高橋: 生活の中で、「予期しないこと」を受け入れられていないという話ですね。

石井: この「予期しないこと」については、三宅香帆著(2024)の「なぜ働いていると本が読めなくなるのか」より、「偶然性に満ちたノイズ」という考えが参考になりました。

現代の労働環境で働いていると、いかに市場に適合できるかを求められる。適応するためには...コントロールできないものをノイズとして除去し、コントロールできる行動に注力する。....情報とは、ノイズの除去された知識のことを指す。...市場適合と自己管理の欲望が促進される社会で、ノイズのない「情報」の価値は上がり続けていく。...趣味もまた仕事にとってはノイズになる。そのような社会で、読書のような偶然性を含んだ媒体が遠ざけられるのは当然のことだろう。...読書という、偶然性に満ちたノイズありきの趣味を、私たちはどうやって楽しむことができるのか

三宅香帆(2024)「なぜ働いていると本が読めなくなるのか」集英社
(余裕する力、ポスター発表)

成瀬: 「余裕する力」を育むためには、日常の中に偶然性に満ちたノイズを取り込んでいく必要があると仮定し、その方法を考え始めました。

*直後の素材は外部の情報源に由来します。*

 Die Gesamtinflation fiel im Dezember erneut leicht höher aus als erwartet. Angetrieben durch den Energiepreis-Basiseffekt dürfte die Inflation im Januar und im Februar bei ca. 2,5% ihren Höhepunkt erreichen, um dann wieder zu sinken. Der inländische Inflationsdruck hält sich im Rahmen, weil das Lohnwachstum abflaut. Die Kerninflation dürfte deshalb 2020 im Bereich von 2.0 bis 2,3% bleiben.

中安: でも、偶然性を自らつくることはできない、と話を進めていく中で、強制的に「余裕する」ことで、余裕が生まれるのではないか?と考え、取り組んだのが「あっ」というフィールドワークです。

石井: 「あっ」というフィールドワークについては、上記の記事を読んでもらいたいのですが、

中安: 誰に話してるの?

石井:  いえ、お気になさらず。このフィールドワークを通じて、周りを見る余裕がないからこそ、強制的に周りを見てみるということをしましたね。そうして、余裕とは、自分の外に目を向けることだと体感した。

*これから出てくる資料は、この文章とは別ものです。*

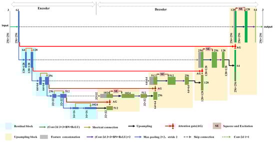 The proposed DAttRes-Unet model is an end-to-end network for leaked oil detection, and its architecture is similar to that of a classical U-net, symmetrically consisting of the encoder and the decoder, as shown in Figure 4. In the encoder, the basic convolutional unit, composed of a convolutional layer, batch normalization, and a ReLu activation layer, are the same as in the classical U-net. A max-pooling layer with a kernel and a stride of 2 was used to select the most powerful features. Different from the classical U-net shown in Figure 1, four residual blocks are embedded in the encoder to overcome the vanishing gradient problem. In the decoder, different from the classical U-net, an AG block is embedded to enhance the richer low- and high-level information by weighting oil pixels. Followed by a feature concatenation layer, an SE block is embedded as the channel attention to yield a higher weight coefficient for more relevant channels. Finally, a Softmax layer is used to obtain the final segmentation results. The details of the residual block and the SE block are described in the following subsection.
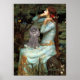 Ophelia (sitzend) von John W. Waterhouse (1898), angepasst an eine silberne Miniatur oder Spielzeug Poodle. Dieses Gemälde basiert auf Shakespeares Ophelia.

高橋: そうでしたね。余裕に関する課題の輪郭がつかめてきて、この段階では、いかに偶然性に満ちたノイズを生み出すことができるかという問いになってましたね。

石井: ここまでの活動については、RESEARCH Conference 2024でポスター発表をしました。

成瀬: 「余裕がない」という話題に共感してくれて、たくさんの参加者が興味を持っていた。

中安: つまり、みんな余裕がない。

RESEARCH Conference2024の発表ポスター。
ポスター発表の様子

中安: ポスター発表では「カメ」の例え話をしていたんですが、

高橋: カメ?

中安: ある後輩が街でカメを見つけて、なんとなく追いかけてみたという話をしていて、余裕って、カメを追いかけられることじゃないかって思ったんですよ。

カメで例える余裕の段階

中安: ノイズっていうのは、道に現れるカメで、その存在に気づいて、身を委ねてみれるか、偶然性のノイズを楽しむ力があるか、それが余裕する力だと説明してました。

成瀬: ポスター発表後は、「どうすれば生活の中でカメを生み出すことができるか、カメに気づけるか」という議論になりましたね。

石井: いろいろやってみましたね。リモートのリサーチツール「CoMADO」で、「あっ」というフィールドワークをオンラインでやってみたりして…。でも、全然違う!となった。偶然性のあるノイズ(カメ)をつくれないかやってみたけど、これは余裕でもなんでもなかった。

中安:  カメを追いかける(偶然性のあるノイズを受け入れ楽しむ)ことは大事だけど、カメを探しにいくことは本末転倒ってことですね。

第3段階(今ココ): 余裕をつくるための努力は違うのではないか?余裕をつくる力自体を疑う


成瀬: 余裕をつくるための努力は違うのではないかと考え始めた。

中安: 偶然性のあるノイズを生み出すとか、それを求めるのは違う。余裕する"力"という考えではなく、普段(日常)の中で、ただ偶然性のあるノイズが存在してほしい。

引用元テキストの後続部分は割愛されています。